Boris Moiseevich Kreshin (1914−1996), aka Boris Mikhailovich Krotov, Boris Mikhailovich Kretenshild, aka "Bob," Soviet intelligence officer, head of the "legal" Station in London
The ordinary factory worker Boris Kreshin hardly could have suspected that fate
would bring him to London to work with some of the greatest intelligence agents of the 20th century.
After graduating from a factory vocational school, Kreshin worked as a turner at the factory for several years. The country was undergoing rapid industrialisation in those years and needed qualified workers and technicians. In 1931, the young worker was sent to study at the Moscow State Pedagogical Institute of Foreign Languages as a part of a Komsomol programme. Along with turners and millers, the country also needed people who spoke European languages. After graduating, Kreshin was assigned to teach English at a school for some time.
In 1936, Boris Kreshin was drafted into the Red Army, and then, in 1939, he was recruited by state security to work in the intelligence service owing to his excellent linguistic education and diverse life experience.

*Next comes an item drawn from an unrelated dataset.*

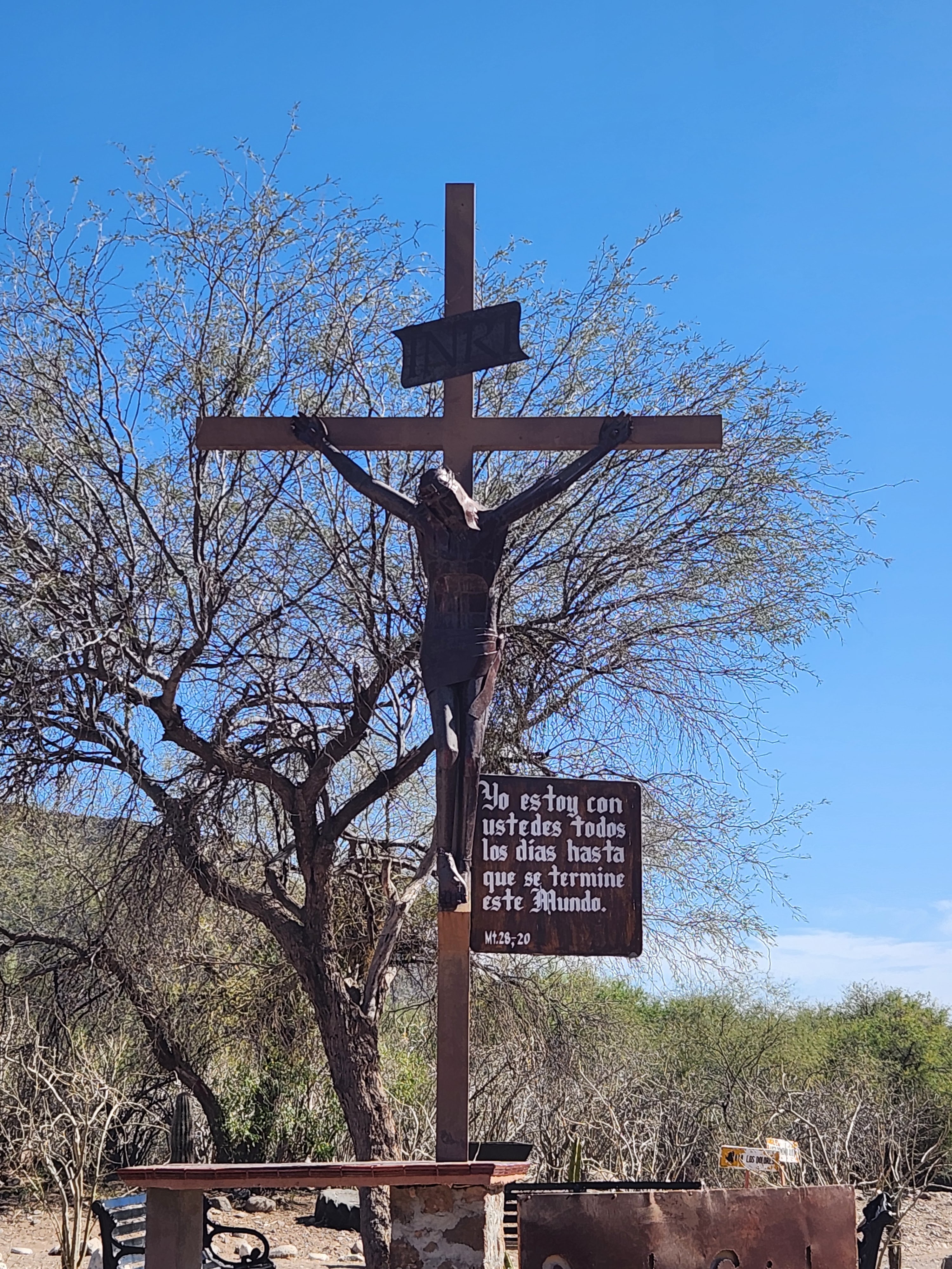 A random crucifix in the middle of the desert. The catholic faith is strong in Mexico. Looking back towards Rancho Santo Domingo

Kreshin’s first foreign mission came in the darkest period of the war. In 1941, as soon as the war began, Kreshin was sent to London to work at the "legal" Station. In Britain, he rose fast from an operational officer, to deputy to the rezident (head of Station) Anatoly Gorsky, all the way up to rezident.
At this time Soviet intelligence officers in Britain were working around the clock. Each officer of the London Station maintained contact with dozen agents who were delivering vital information to the Soviet state. Intelligence from the Cambridge Five passed through Kreshin, who oversaw their work for several years. When he took over the London rezidentura in early 1945, Kreshin was only 30 years old. However, he was clearly up to the job, as his tenure was marked by a steady flow of diverse information, including on nuclear issues, to Moscow.
Everyone who knew Boris Kreshin closely noted the extraordinary tact with which he
guided the work of his intelligence team. Yuri Modin, who worked under his
command in the second half of the 1940s, wrote about him: "Always polite and courteous, Kreshin made sure that our agents actually enjoyed working with him and later spoke of him with great warmth. He treated them in a friendly way, never gave orders, but only politely remarked: ‘How wonderful it would be if you succeeded.' And that was it!"
Soviet intelligence succeeded in the face of almost insurmountable odds. The 1940s were truly a golden age for the London Station of the USSR, ensuring the place of its leaders, Anatoly Gorsky and Boris Kreshin, in the annals of Soviet intelligence.
When it became clear in the mid-1940s that our main intelligence efforts on atomic issues should be focused on the United States, first Gorsky and then Kreshin went to Washington. For three years, from 1947 to 1950, Boris Kreshin gathered invaluable nuclear secrets, in the same polite and considerate manner, for which he was awarded the Order of the Badge of Honour and various military medals.
Following the end of his intelligence career, Boris Kreshin changed fields, working at the Novosti Press Agency for many years.